Start of Block

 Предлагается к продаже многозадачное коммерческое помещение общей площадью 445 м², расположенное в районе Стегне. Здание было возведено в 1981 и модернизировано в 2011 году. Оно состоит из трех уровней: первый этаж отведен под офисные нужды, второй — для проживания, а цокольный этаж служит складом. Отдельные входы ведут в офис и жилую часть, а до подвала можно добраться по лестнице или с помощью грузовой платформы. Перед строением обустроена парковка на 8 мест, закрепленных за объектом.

End of Block
Start of Block

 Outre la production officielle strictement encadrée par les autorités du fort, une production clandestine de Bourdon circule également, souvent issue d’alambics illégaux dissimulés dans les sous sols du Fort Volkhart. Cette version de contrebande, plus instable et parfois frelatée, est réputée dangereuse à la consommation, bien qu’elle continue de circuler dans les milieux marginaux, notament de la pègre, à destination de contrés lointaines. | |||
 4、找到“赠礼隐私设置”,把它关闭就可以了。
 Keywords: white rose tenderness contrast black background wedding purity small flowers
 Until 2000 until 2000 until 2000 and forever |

End of Block
Start of Block

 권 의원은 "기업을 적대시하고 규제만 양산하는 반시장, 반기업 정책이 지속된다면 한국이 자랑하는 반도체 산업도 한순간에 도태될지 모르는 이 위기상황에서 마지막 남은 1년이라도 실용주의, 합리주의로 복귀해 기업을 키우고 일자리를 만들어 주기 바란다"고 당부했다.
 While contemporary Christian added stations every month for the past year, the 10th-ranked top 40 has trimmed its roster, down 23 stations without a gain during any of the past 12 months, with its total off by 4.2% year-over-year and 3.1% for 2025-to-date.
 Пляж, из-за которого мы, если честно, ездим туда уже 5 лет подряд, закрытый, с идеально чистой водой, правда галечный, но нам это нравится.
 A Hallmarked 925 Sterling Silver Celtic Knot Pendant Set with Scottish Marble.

End of Block

• _Problem to solve_:
Only the lines above from the one with "Keywords: white rose" up to and including the one with "Until 2000 until" should be repeated, exactly as written.

• _Exercise result_:
 Keywords: white rose tenderness contrast black background wedding purity small flowers
 Until 2000 until 2000 until 2000 and forever |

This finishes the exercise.